What is required: Please copy every record below exactly, leaving out the pictures.
(Dataset entries)
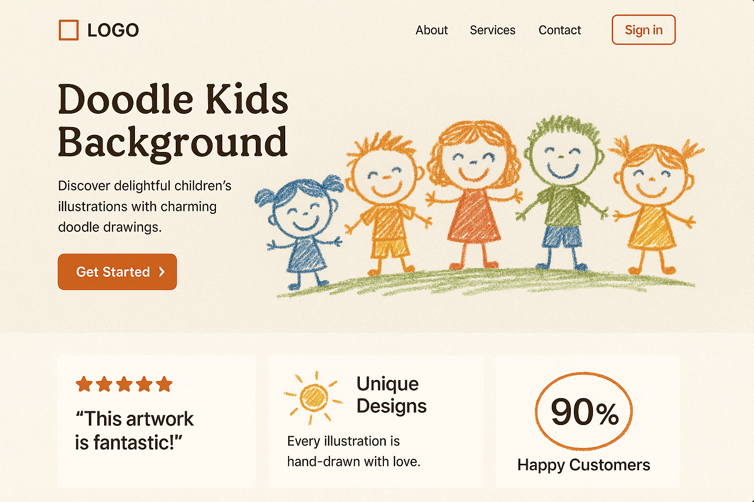 /Collection: /by davooda/Type: PNG/A minimalist landing page design showcasing charming doodle illustrations of children. Features a logo, navigation menu, call-to-action buttons, and customer testimonials.
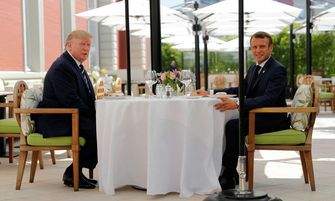Tổng thống Pháp đãi Trump bữa trưa bất ngờ. Việc này không nằm trong lịch trình trước khi G7 khai mạc. Tổng thống Pháp và người đồng cấp Mỹ đã có bữa trưa vui vẻ ở tầng thượng khách sạn Hotel du Palais.
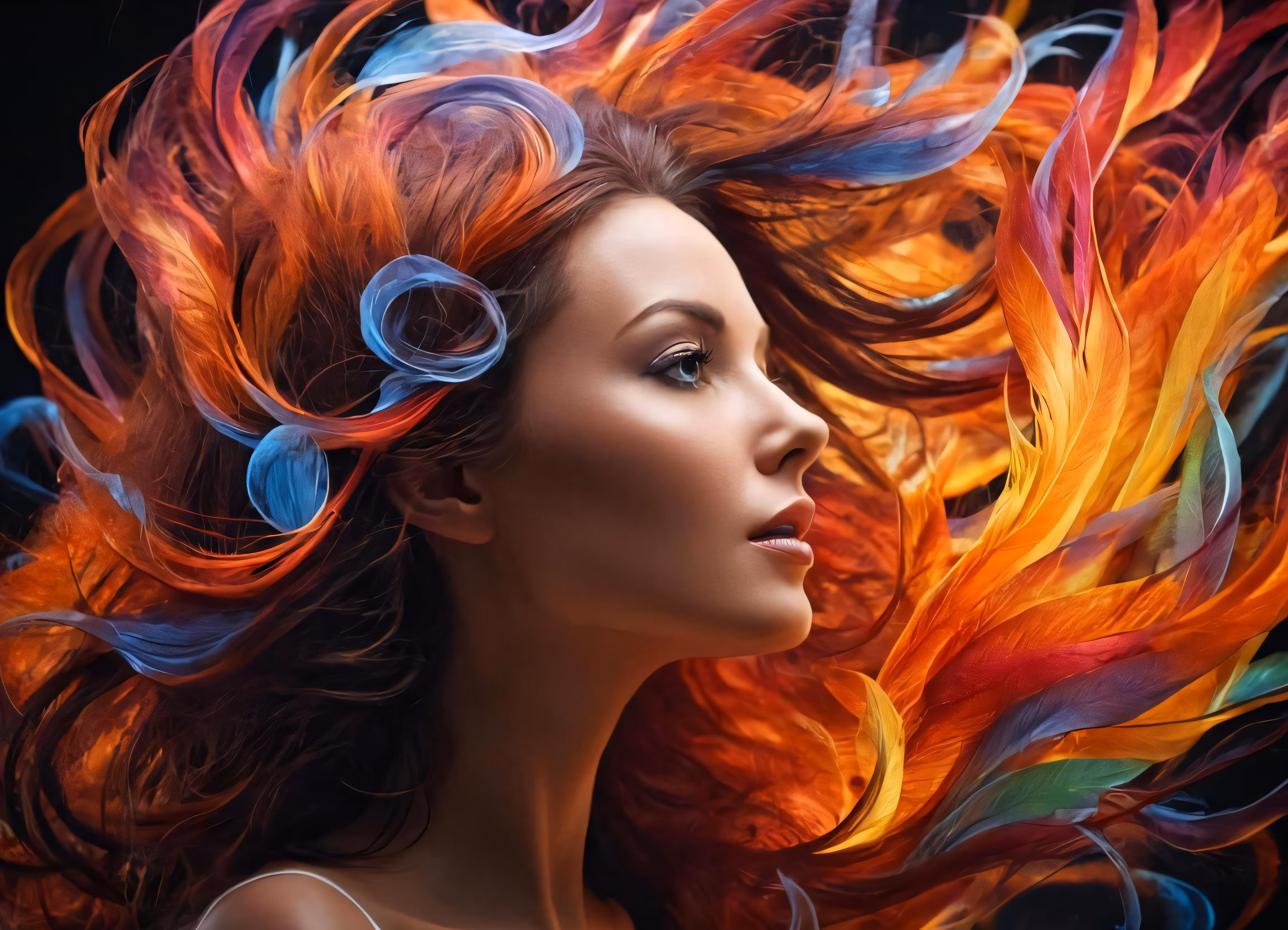 High resolution picture, free to use, a woman with hair covered in multicolored waves
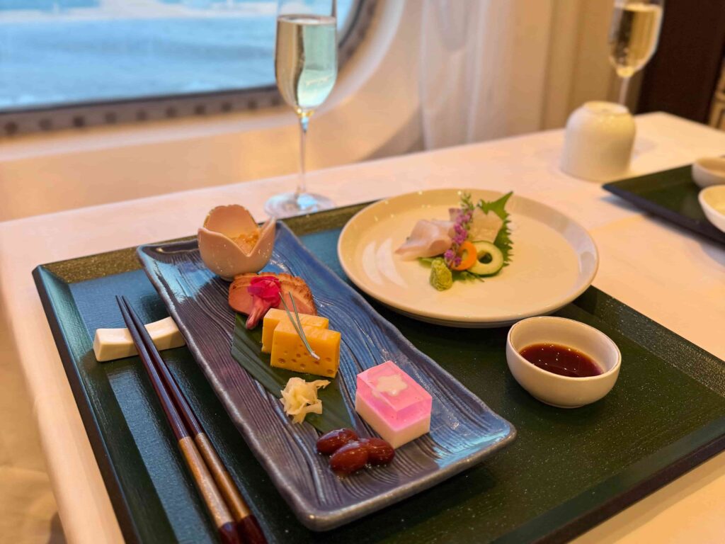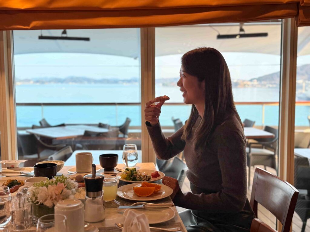 さらに瀬戸内海は非常に穏やかな海で船酔いもせず、壮大な橋をくぐり抜け、小さな島々を眺めながらデッキでのんびり過ごす時間はまさに非日常。カジュアル船では賑やかで童心に帰ってはしゃぐ時間が非日常となりとても楽しいですが、ラグジュアリー船はまた違う素晴らしさがありました。
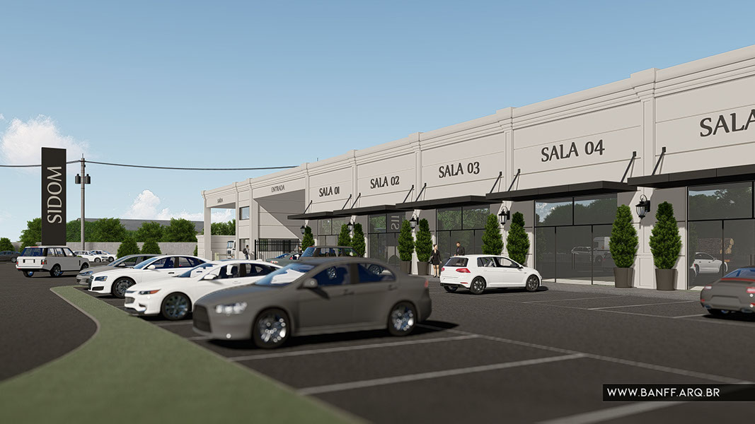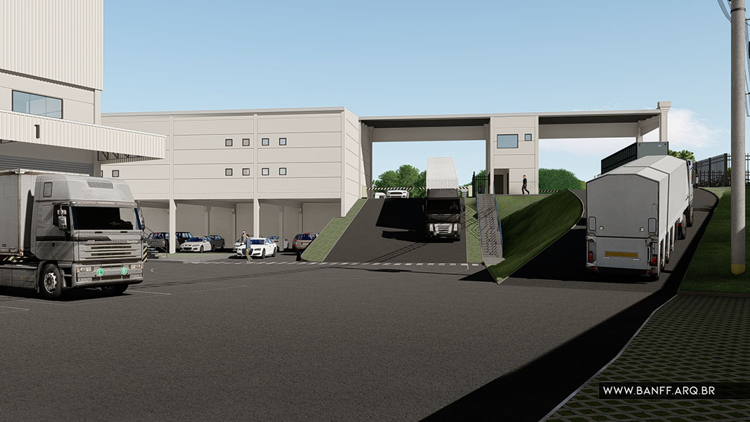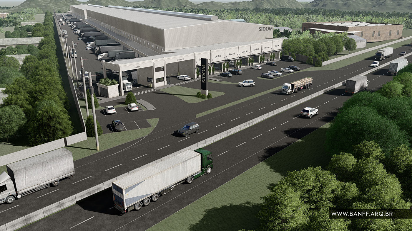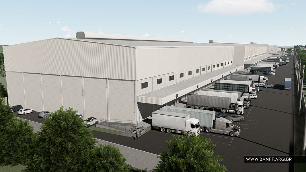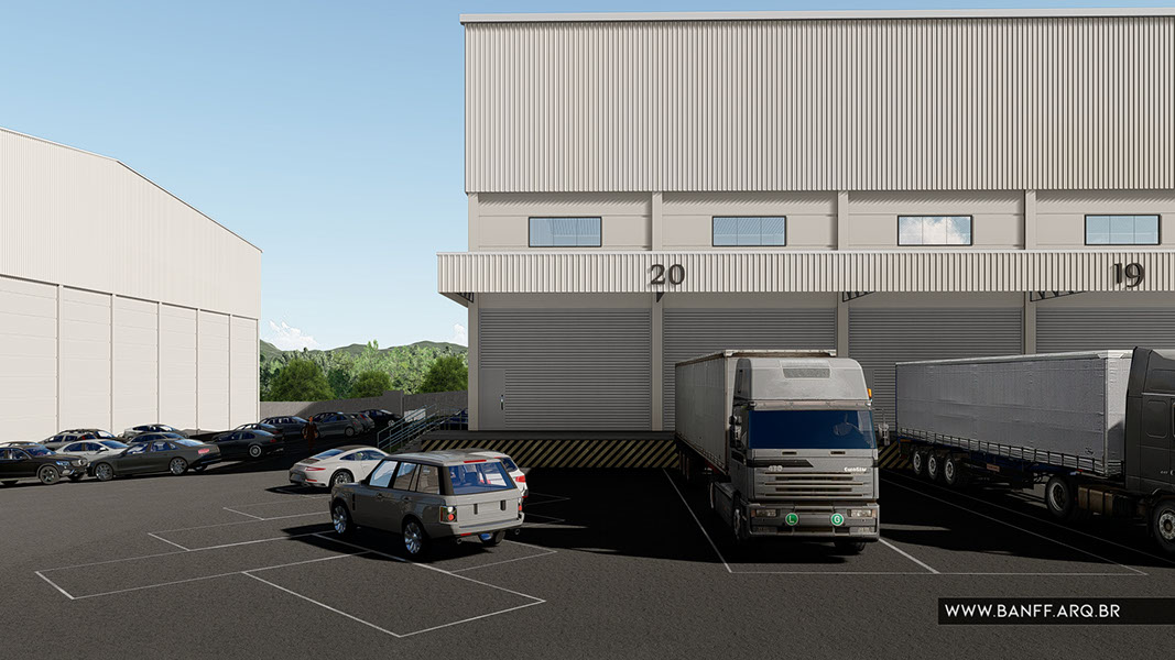 Salas comerciais de frente para a rodovia compõem a fachada para o complexo que possui 3 galpões somando mais de 35.000m², buscando atender empresas de diferentes portes.
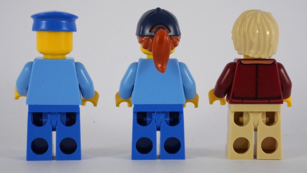 La tenue des garagistes est identique : un pantalon monochrome et un haut de salopette bleu tampographié uniquement côté torse. Le garagiste (qui doit s’appeler Jo, à en juger par le nom du garage) porte une casquette dans le style des anciens policiers ou chefs de gare et arbore une barbe grisonnante. La mécanicienne a quelques tâches de cambouis sur le visage, et porte une casquette de laquelle dépasse une queue de cheval. La conductrice de scooter porte pour sa part une veste rouge au dessus d’un polo bleu, le dos étant tampographié de quelques coutures. Elle porte des lunettes de soleil sous sa chevelure blonde ou son casque, LEGO nous offrant ici le choix.
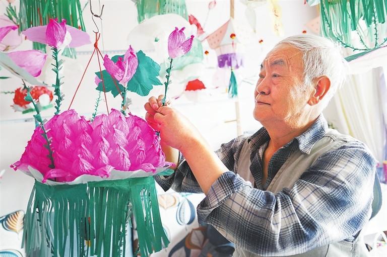 從選擇扎彩燈的竹子、劃竹篾、綁架子、染紙、糊紙、繪畫、貼字到成型完工,全由他自己一個(gè)人完成。
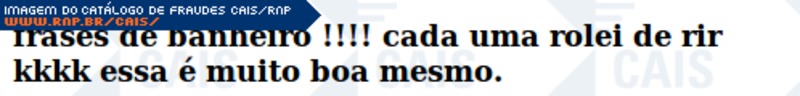 ############################################################################### # !!! ATENCAO !!! ATENCAO !!! ATENCAO !!! ATENCAO !!! ATENCAO !!! ATENCAO !!! # # # # O TEXTO ABAIXO FOI TRANSCRITO A PARTIR DE UMA FRAUDE CADASTRADA EM NOSSOS # # SISTEMAS ATRAVES DA COLETA DE DADOS NA INTERNET E/OU CONTRIBUICAO DE # # PARCEIROS E/OU USUARIOS. # # # # EM CASO DE DUVIDAS ENTRE EM CONTATO ATRAVES DO EMAIL: cais@cais.rnp.br # # # # OBRIGADO. # # # # CENTRO DE ATENDIMENTO A INCIDENTES DE SEGURANCA (CAIS) # # REDE NACIONAL DE ENSINO E PESQUISA (RNP) # ############################################################################### frases de banheiro !!!! cada uma rolei de rir kkkk essa é muito boa mesmo.
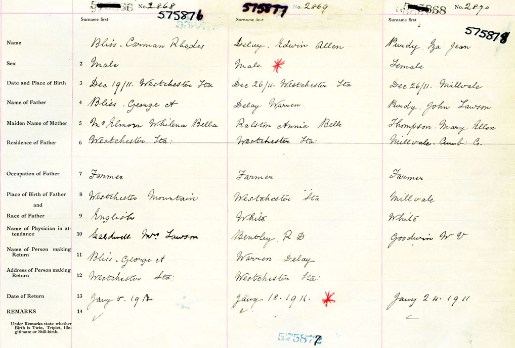 Female Birth Registration: Year: 1911 number: 57500878
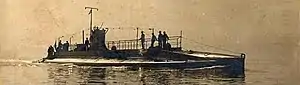 The submarine was armed with four 450 mm (17.7 in) torpedo tubes and a 75 mm (3.0 in) L/34 M1897 deck gun.[2] The crew consisted of 31 officers and seamen.[4][3]
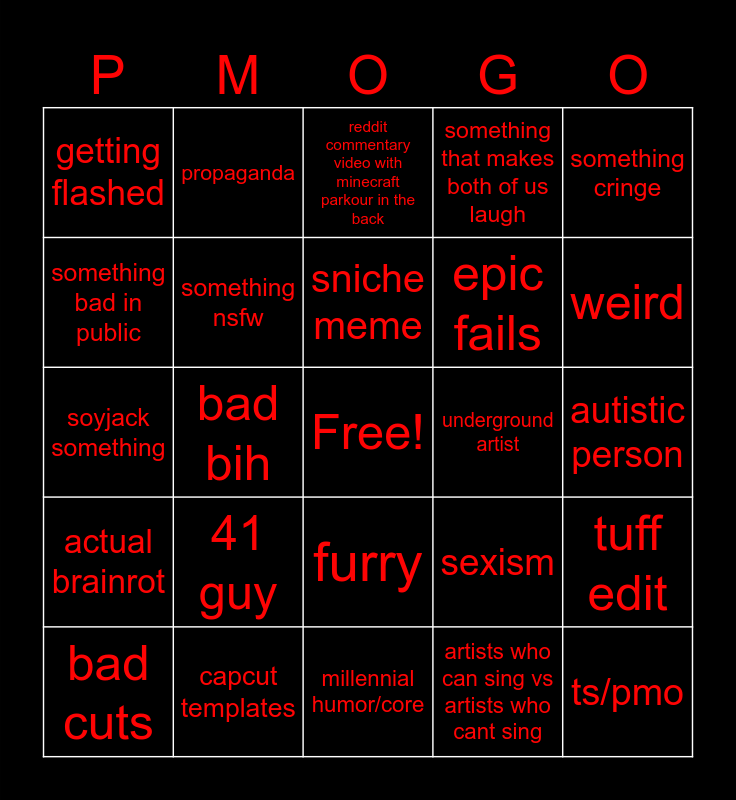 This bingo card has a free space and 39 words: somebody dying, reddit meme, food, something nsfw, bad cuts, furry, sniche meme, opium related, something cringe, actual brainrot, bad bih, something that makes both of us laugh, ts/pmo, autistic person, underground artist, 41 guy, streamer clips, getting flashed, racist, sexism, something bad in public, millennial humor/core, epic fails, weird, ai video, white person saying the n word, something extremely unfunny, chopped, bad fits, propaganda, zach d films, family guy clip, reddit commentary video with minecraft parkour in the back, capcut templates, artists who can sing vs artists who cant sing, things that dont make sense, tuff edit, soyjack something and lil uzi vert.
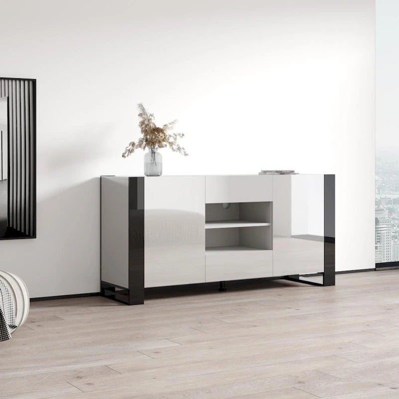 Upgrade your dining space with the Woody Modern 64.5-inch Sideboard Buffet. This versatile piece, made from engineered woods and metal, can be used as a sideboard, buffet, or credenza. Its high-gloss front and matte body create a modern, unique, and contemporary design that will elevate the style of any room. Weighing 125 lbs., this sideboard measures 64.5 inches wide x 17.5 inches deep x 31.5 inches tall. Choose from three finish options: oak with grey, white with black, or white with grey.
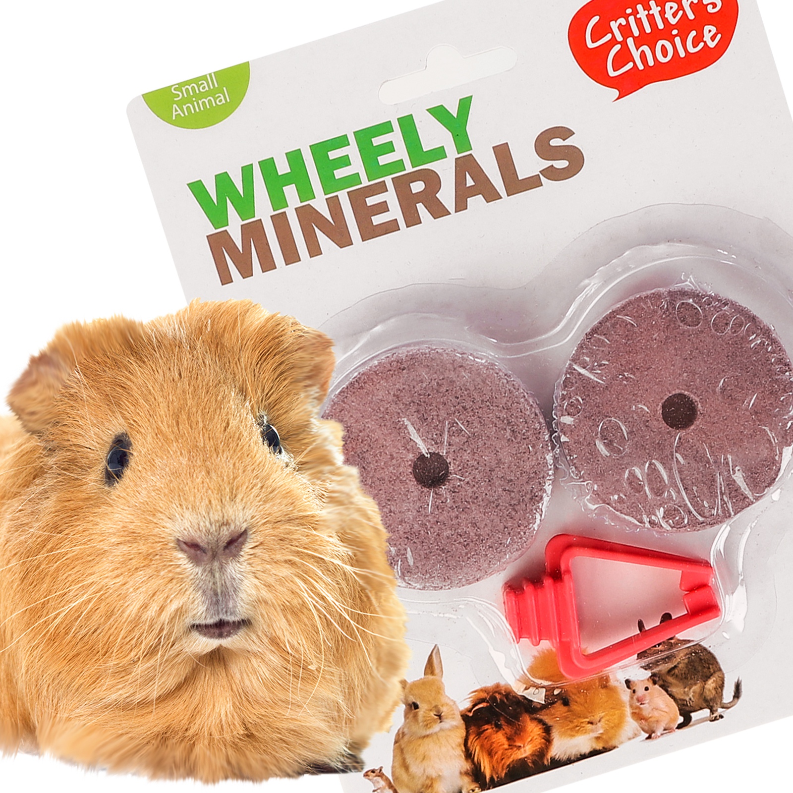 Wheely Mineral został specjalnie opracowany, aby wspierać naturalne zachowanie małych zwierząt podczas gryzienia. Pyszne lizawki mineralne są odpowiednie dla małych zwierząt, takich jak: królików, świnek morskich, chomików i myszoskoczków. Został zaprojektowany w kształcie koła, dzięki czemu można go łatwo przymocować do klatki swojego pupila. Gwarantując mnóstwo zabawy i długie godziny zabawy, zdrowa przekąska z pewnością pomoże uratować Twoje meble i ubrania przed pogryzieniem.
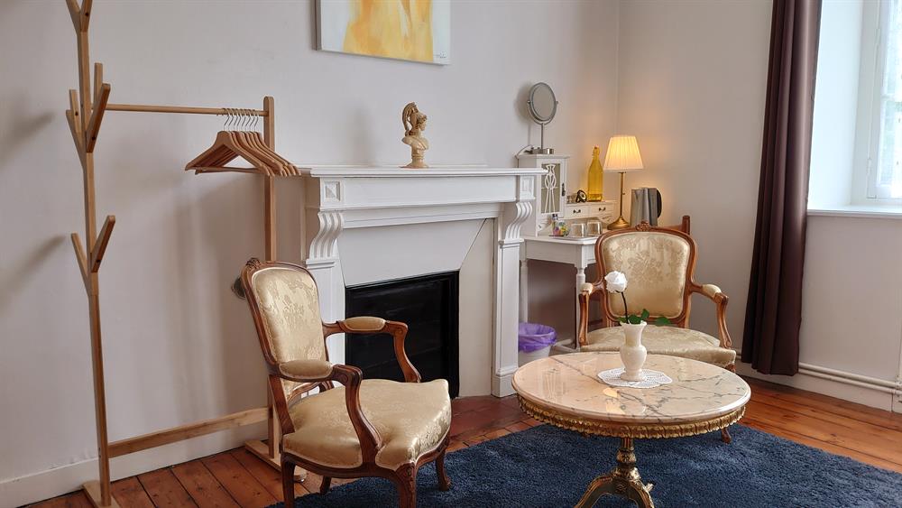 - Salon dans la chambre avec deux fauteuils Voltaire et Table Violon.
(End Dataset entries)
Task solution:
 /Collection: /by davooda/Type: PNG/A minimalist landing page design showcasing charming doodle illustrations of children. Features a logo, navigation menu, call-to-action buttons, and customer testimonials.
Tổng thống Pháp đãi Trump bữa trưa bất ngờ. Việc này không nằm trong lịch trình trước khi G7 khai mạc. Tổng thống Pháp và người đồng cấp Mỹ đã có bữa trưa vui vẻ ở tầng thượng khách sạn Hotel du Palais.
 High resolution picture, free to use, a woman with hair covered in multicolored waves
 さらに瀬戸内海は非常に穏やかな海で船酔いもせず、壮大な橋をくぐり抜け、小さな島々を眺めながらデッキでのんびり過ごす時間はまさに非日常。カジュアル船では賑やかで童心に帰ってはしゃぐ時間が非日常となりとても楽しいですが、ラグジュアリー船はまた違う素晴らしさがありました。
 Salas comerciais de frente para a rodovia compõem a fachada para o complexo que possui 3 galpões somando mais de 35.000m², buscando atender empresas de diferentes portes.
 La tenue des garagistes est identique : un pantalon monochrome et un haut de salopette bleu tampographié uniquement côté torse. Le garagiste (qui doit s’appeler Jo, à en juger par le nom du garage) porte une casquette dans le style des anciens policiers ou chefs de gare et arbore une barbe grisonnante. La mécanicienne a quelques tâches de cambouis sur le visage, et porte une casquette de laquelle dépasse une queue de cheval. La conductrice de scooter porte pour sa part une veste rouge au dessus d’un polo bleu, le dos étant tampographié de quelques coutures. Elle porte des lunettes de soleil sous sa chevelure blonde ou son casque, LEGO nous offrant ici le choix.
 從選擇扎彩燈的竹子、劃竹篾、綁架子、染紙、糊紙、繪畫、貼字到成型完工,全由他自己一個(gè)人完成。
 ############################################################################### # !!! ATENCAO !!! ATENCAO !!! ATENCAO !!! ATENCAO !!! ATENCAO !!! ATENCAO !!! # # # # O TEXTO ABAIXO FOI TRANSCRITO A PARTIR DE UMA FRAUDE CADASTRADA EM NOSSOS # # SISTEMAS ATRAVES DA COLETA DE DADOS NA INTERNET E/OU CONTRIBUICAO DE # # PARCEIROS E/OU USUARIOS. # # # # EM CASO DE DUVIDAS ENTRE EM CONTATO ATRAVES DO EMAIL: cais@cais.rnp.br # # # # OBRIGADO. # # # # CENTRO DE ATENDIMENTO A INCIDENTES DE SEGURANCA (CAIS) # # REDE NACIONAL DE ENSINO E PESQUISA (RNP) # ############################################################################### frases de banheiro !!!! cada uma rolei de rir kkkk essa é muito boa mesmo.
 Female Birth Registration: Year: 1911 number: 57500878
 The submarine was armed with four 450 mm (17.7 in) torpedo tubes and a 75 mm (3.0 in) L/34 M1897 deck gun.[2] The crew consisted of 31 officers and seamen.[4][3]
 This bingo card has a free space and 39 words: somebody dying, reddit meme, food, something nsfw, bad cuts, furry, sniche meme, opium related, something cringe, actual brainrot, bad bih, something that makes both of us laugh, ts/pmo, autistic person, underground artist, 41 guy, streamer clips, getting flashed, racist, sexism, something bad in public, millennial humor/core, epic fails, weird, ai video, white person saying the n word, something extremely unfunny, chopped, bad fits, propaganda, zach d films, family guy clip, reddit commentary video with minecraft parkour in the back, capcut templates, artists who can sing vs artists who cant sing, things that dont make sense, tuff edit, soyjack something and lil uzi vert.
 Upgrade your dining space with the Woody Modern 64.5-inch Sideboard Buffet. This versatile piece, made from engineered woods and metal, can be used as a sideboard, buffet, or credenza. Its high-gloss front and matte body create a modern, unique, and contemporary design that will elevate the style of any room. Weighing 125 lbs., this sideboard measures 64.5 inches wide x 17.5 inches deep x 31.5 inches tall. Choose from three finish options: oak with grey, white with black, or white with grey.
 Wheely Mineral został specjalnie opracowany, aby wspierać naturalne zachowanie małych zwierząt podczas gryzienia. Pyszne lizawki mineralne są odpowiednie dla małych zwierząt, takich jak: królików, świnek morskich, chomików i myszoskoczków. Został zaprojektowany w kształcie koła, dzięki czemu można go łatwo przymocować do klatki swojego pupila. Gwarantując mnóstwo zabawy i długie godziny zabawy, zdrowa przekąska z pewnością pomoże uratować Twoje meble i ubrania przed pogryzieniem.
 - Salon dans la chambre avec deux fauteuils Voltaire et Table Violon.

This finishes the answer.